В эту минуту он услышал за спиной сдавленный крик. Адам обернулся и посмотрел на Оливию. Он увидел в этом любимом лице боль и замешательство. В глазах ее застыл немой ужас.
– Я ждала тебя целых двадцать лет, – прошептала Оливия со стоном. – Это же половина моей жизни, Адам Фарли! Скажи, ведь ты не уйдешь сейчас?!
– Нет, – твердо покачал головой Адам. – Я не уйду, дорогая. Теперь уже никогда!
Он не мог отвести взгляда от ее лица. Одной рукой закрывая дверь на ключ, другой – он принялся расстегивать сапфировые запонки на манжетах своей рубашки.
19
Эмма сидела за столом на кухне в усадьбе Фарли. Она пришивала белый кружевной воротничок к шелковой блузке, подаренной ей Оливией Уэйнрайт вместе с темно-зеленым хлопчатобумажным платьем и ярко-красной шерстяной шалью плотной вязки. Эти обновки были очень кстати при ее скудном гардеробе, и самые добрые чувства к Оливии Уэйнрайт переполняли сердце Эммы.
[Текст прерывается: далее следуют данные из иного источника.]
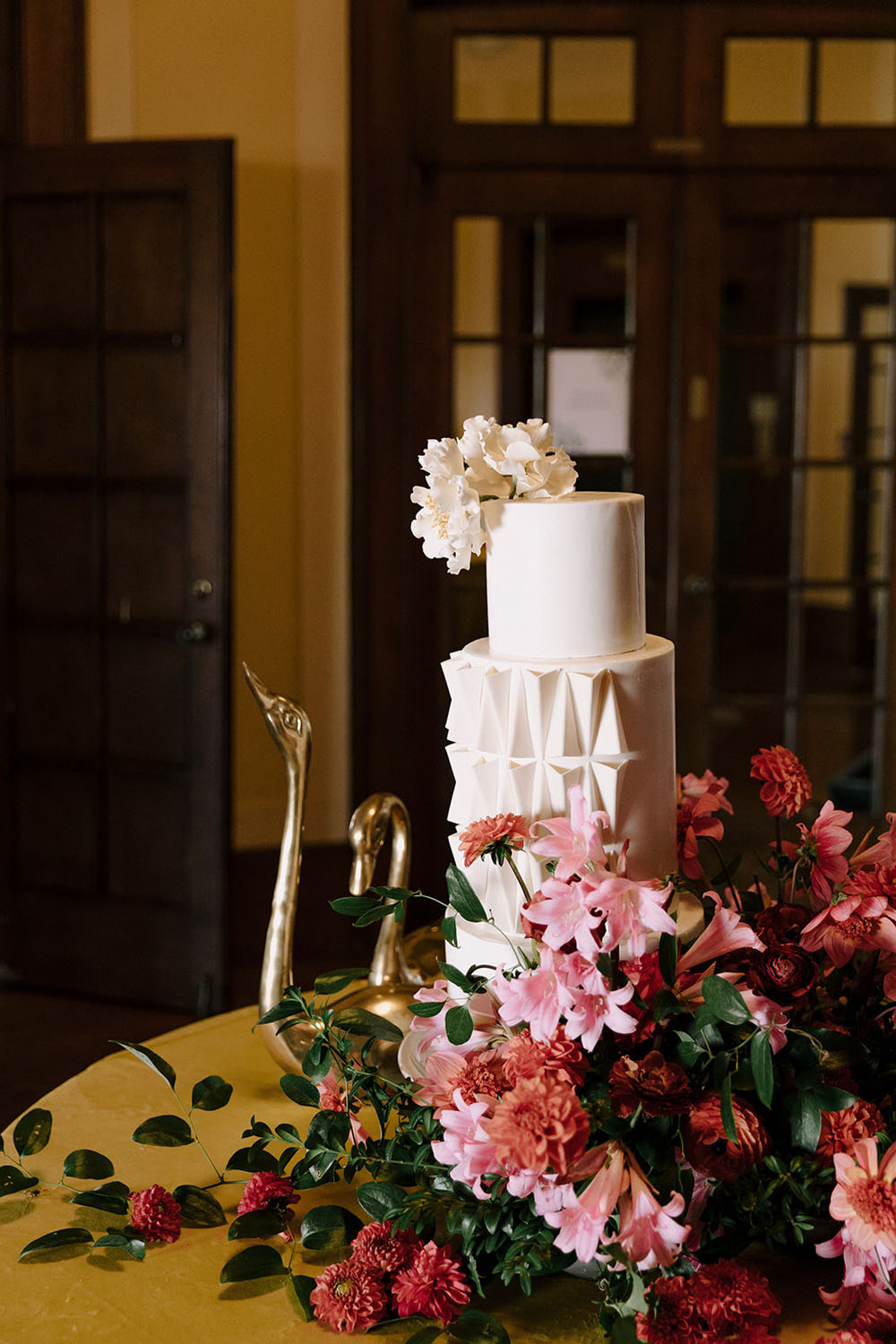Love how the couple chose a chic, modern all-white wedding cake by Daniel Saravia to contrast the maximalist vibes.

В просторной кухне было тепло и уютно. В очаге весело потрескивал огонь, лучи солнца лились сквозь сверкающие стекла окон, и вся кухня была наполнена ярким солнечным светом. Начищенная медная посуда сияла, отражая солнечные блики, и даже пол, выложенный каменными плитами, казался в свете солнца золотым. Было воскресенье, и все дышало покоем и умиротворением. Мергатройд только что уехал в Падси к своей сестре, а горничная Энни в столовой наверху накрывала стол к обеду, следуя указаниям Эммы. Огонь гудел и рвался в камине, и с его треском почти сливалось похрапывание пышнотелой миссис Тернер. Кухарка дремала у огня, развалившись на стуле; ее колпак съехал набок, а высокая грудь умиротворенно поднималась и опускалась в такт ее спокойным снам. Тишину нарушали только тиканье часов и шум ветра, рвущегося в окна. Несмотря на солнце и ясное, лазурно-голубое небо, на улице бушевала настоящая апрельская вьюга.
Эмма разгладила блузку и, подняв ее перед собой, стала рассматривать. У девушки был тонкий вкус и проницательный взор, ей хватило беглого взгляда, чтобы понять, насколько вещь элегантна. Почти совсем не ношенная и такого прелестного голубого цвета. „Как небо за окном и как мамины глаза”, – подумала она и решила подарить блузку маме, когда вернется домой на выходные. Сердце Эммы наполнилось невыразимой радостью при мысли, что она сможет подарить матери такую прелесть, и ее обычно строгое лицо вдруг озарилось восторженной улыбкой. Она взяла кружевную манжетку и принялась аккуратно пришивать ее к пышному длинному рукаву, а в мыслях она перенеслась в Лидс, к своему Плану с большой буквы.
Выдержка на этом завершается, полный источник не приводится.